Required action >>
Leave the images out and write out each entry exactly as shown.

------ Records to use ------

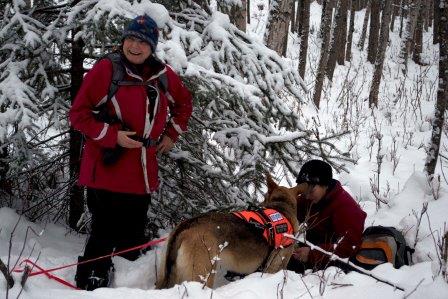 Search and rescue: Today I followed and listened to Stacey as she provided support to Cathy and her dog Tara. Tara, a German Shepherd, has had a year’s training as a trail dog. Trail dogs sniff a given object (today this object, a hat, was placed on the ground) and then follow the scent that the owner left behind. She must specifically locate the person and alert the handler to the subject’s whereabouts. The alert is specific to that particular dog. When being trained, the handler touches the subject, and after, the dog is rewarded with a treat, toy, copious praise, and an intense play session, which is prompted by the subject and the handler.
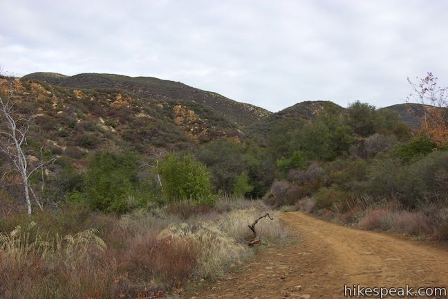 Leave Sisar Road and turn right up Sisar Canyon Road, beginning the on-dirt hiking. Pass a pair of holding tanks as Sisar Canyon Road pitches uphill and becomes rougher. The road comes to a split after just 1/8 of a mile. Avoid Fuel Break Road, which rises to the left, and stick with Sisar Canyon Road as it delves into Sisar Canyon.
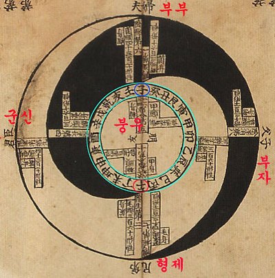 ▲상기의 자료는 거꾸로 본 그림으로 중앙의 원안에 자오(子午)를 식별할 수 있기에 제시한 것으로 백색은 더위, 흑색은 겨울이다. 그리고 유교의 오륜(五倫)으로 동쪽에 군신유의(君臣有義), 북쪽에 부자유친(父子有親), 서쪽에 부부유별(夫婦有別), 남쪽에 장유유서(長幼有序), 중앙에 붕우유신(朋友有信)을 자의로 삽입하여 유교의 덕목을 강조하였다.
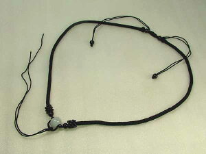 環周(約):最長600mm 翡翠1P直径:約8mm 重さ:2g ●落ち着きの有る黒が印象的な飾り紐。先端の紐にお好みの石を通し、オリジナルペンダントを作成して下さい。ポイントにミャンマー翡翠の丸玉が1石使われています...
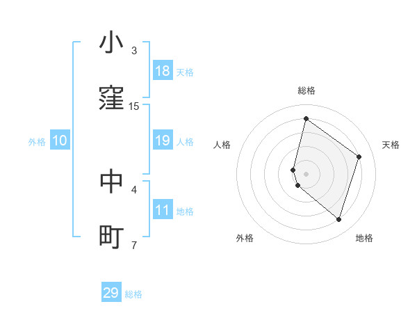 小窪 中町さんの総格は29画の4点!
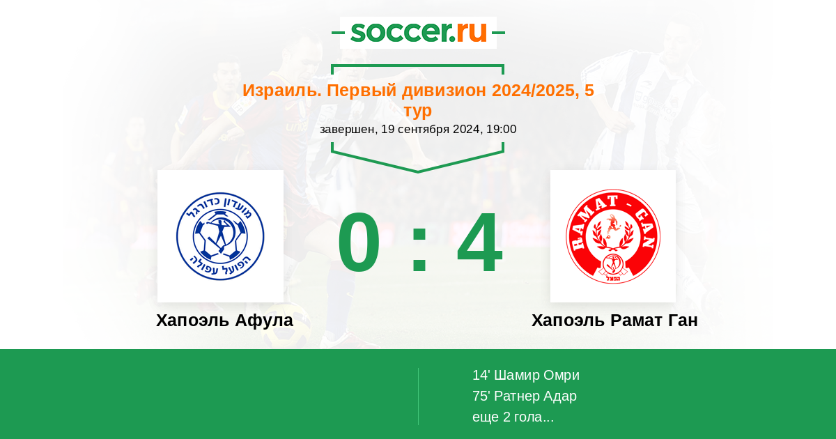 Израиль. Первый дивизион 21.09.2025 Хапоэль Рамат Ган Логотип футбольный клуб Хапоэль Рамат Ган 4:1 Логотип футбольный клуб Хапоэль Афула Хапоэль Афула

------

Answer section >>
 Search and rescue: Today I followed and listened to Stacey as she provided support to Cathy and her dog Tara. Tara, a German Shepherd, has had a year’s training as a trail dog. Trail dogs sniff a given object (today this object, a hat, was placed on the ground) and then follow the scent that the owner left behind. She must specifically locate the person and alert the handler to the subject’s whereabouts. The alert is specific to that particular dog. When being trained, the handler touches the subject, and after, the dog is rewarded with a treat, toy, copious praise, and an intense play session, which is prompted by the subject and the handler.
 Leave Sisar Road and turn right up Sisar Canyon Road, beginning the on-dirt hiking. Pass a pair of holding tanks as Sisar Canyon Road pitches uphill and becomes rougher. The road comes to a split after just 1/8 of a mile. Avoid Fuel Break Road, which rises to the left, and stick with Sisar Canyon Road as it delves into Sisar Canyon.
 ▲상기의 자료는 거꾸로 본 그림으로 중앙의 원안에 자오(子午)를 식별할 수 있기에 제시한 것으로 백색은 더위, 흑색은 겨울이다. 그리고 유교의 오륜(五倫)으로 동쪽에 군신유의(君臣有義), 북쪽에 부자유친(父子有親), 서쪽에 부부유별(夫婦有別), 남쪽에 장유유서(長幼有序), 중앙에 붕우유신(朋友有信)을 자의로 삽입하여 유교의 덕목을 강조하였다.
 環周(約):最長600mm 翡翠1P直径:約8mm 重さ:2g ●落ち着きの有る黒が印象的な飾り紐。先端の紐にお好みの石を通し、オリジナルペンダントを作成して下さい。ポイントにミャンマー翡翠の丸玉が1石使われています...
 小窪 中町さんの総格は29画の4点!
 Израиль. Первый дивизион 21.09.2025 Хапоэль Рамат Ган Логотип футбольный клуб Хапоэль Рамат Ган 4:1 Логотип футбольный клуб Хапоэль Афула Хапоэль Афула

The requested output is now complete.